Keywords

1 Introduction

Today, the underground space, especially in the big cities, is becoming increasingly congested by various networks such as drinking water pipes, telecommunication pipes, gas pipes, liquid sewerage pipes. Spatial information on these underground networks forms the basis of any utility management system. The location of the buried pipe network in the old cities is often unknown. This problem imposes many difficulties when reconstruction takes place in the older parts of a city. Due to the lack of information on the development of underground pipes, for example, civil construction projects can easily damage a hidden pipe and stop the supply of gas or drinking water. It is noted that the operation of underground pipe networks has become a crucial aspect in the field of underground urban engineering [1].

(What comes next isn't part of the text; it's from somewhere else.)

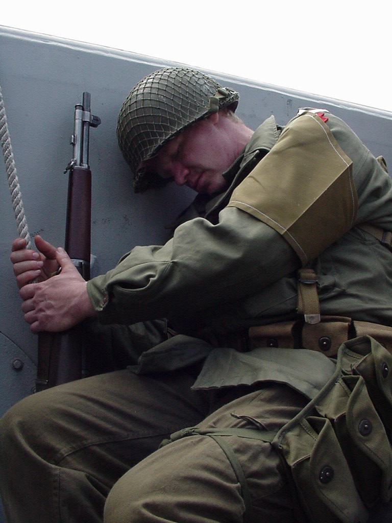 Ironically it was a flying object that killed my uncle on D-Day as well. The pyro burst moments before seem to set the stage for my own demise. Just prior to my uncle’s Amin’s final moments, a huge explosion sent a jeep high into the air. Returning to earth, the vehicle landed directly upon my Great Uncle killing him instantly. Amin Isbir is buried in France overlooking the sands of Omaha Beach where he died so others can be free. In 2006, my cousin Jim Ameen is making the trip from Florida to attend this years’ event. Jim and I met ironically at a WWII event. He recognized Amin’s brother John whose photo I had in a family album. This amazing story of our Uncle Amin’s death was the catalyst of each of us becoming a WWII re-enactor. Jim and I met in our early childhood, but had not seen each other for well over 30 years. We were brought together again due our mutual interest in honoring our family by a chance meeting in Miami Beach. But that’s another story!
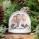 This tropical beach inspired personalized Christmas snow globe makes a great annual holiday keepsake, easily customized for a unique gift with the photo and text templates. Holiday watercolor sprigs of holly, pine, and starfish in two corners frame the photo, family name, and year date. The photo on the front and back can be changed separately.

There are several non-destructive methods of detection, such as acoustic detection, electromagnetic induction and GPR [2], which locate underground targets such as buried cables and pipes and monitor water leaks [3,4,5,6,7]. The GPR method is used in many areas of civil engineering and has advantages, including its speed of application, low cost, security, anti-interference, and lack of destruction [8, 9].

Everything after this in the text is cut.